View source on GitHub

Builds a graph based on dense embeddings and persists it in TSV format.

Used in the notebooks

Used in the tutorials

This function reads input instances from one or more TFRecord files, each containing tf.train.Example protos. Each input example is expected to contain at least the following 2 features:

  • id: A singleton bytes_list feature that identifies each example.
  • embedding: A float_list feature that contains the (dense) embedding of each example.

id and embedding are not necessarily the literal feature names; if your features have different names, you can specify them using the id_feature_name and embedding_feature_name arguments, respectively.

This function then computes the cosine similarity between all pairs of input examples based on their associated embeddings. An edge is written to the TSV file named by output_graph_path for each pair whose similarity is at least as large as similarity_threshold. Each output edge is represented by a TSV line in the output_graph_path file with the following form:


All edges in the output will be symmetric (i.e., if edge A--w-->B exists in the output, then so will edge B--w-->A).

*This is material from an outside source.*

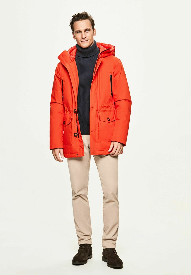 Stay stylish and comfortable this Spring/Summer with the Hackett London Casual/Elegant Man's Parka in vibrant Orange. This versatile piece is perfect for adding a pop of color to your wardrobe, whether you're running errands or heading out for a weekend brunch. With its relaxed fit and high-quality construction, this parka is a must-have for the modern man on the go. Elevate your casual look with this effortlessly chic outerwear piece.

Note that this function can also be invoked as a binary from a shell. Sample usage:

python -m neural_structured_learning.tools.build_graph [flags] embedding_file.tfr... output_graph.tsv

For details about this program's flags, run:

python -m neural_structured_learning.tools.build_graph --help

embedding_files A list of names of TFRecord files containing tf.train.Example objects, which in turn contain dense embeddings.
output_graph_path Name of the file to which the output graph in TSV format should be written.
similarity_threshold Threshold used to determine which edges to retain in the resulting graph.
id_feature_name The name of the feature in the input tf.train.Example objects representing the ID of examples.
embedding_feature_name The name of the feature in the input tf.train.Example objects representing the embedding of examples.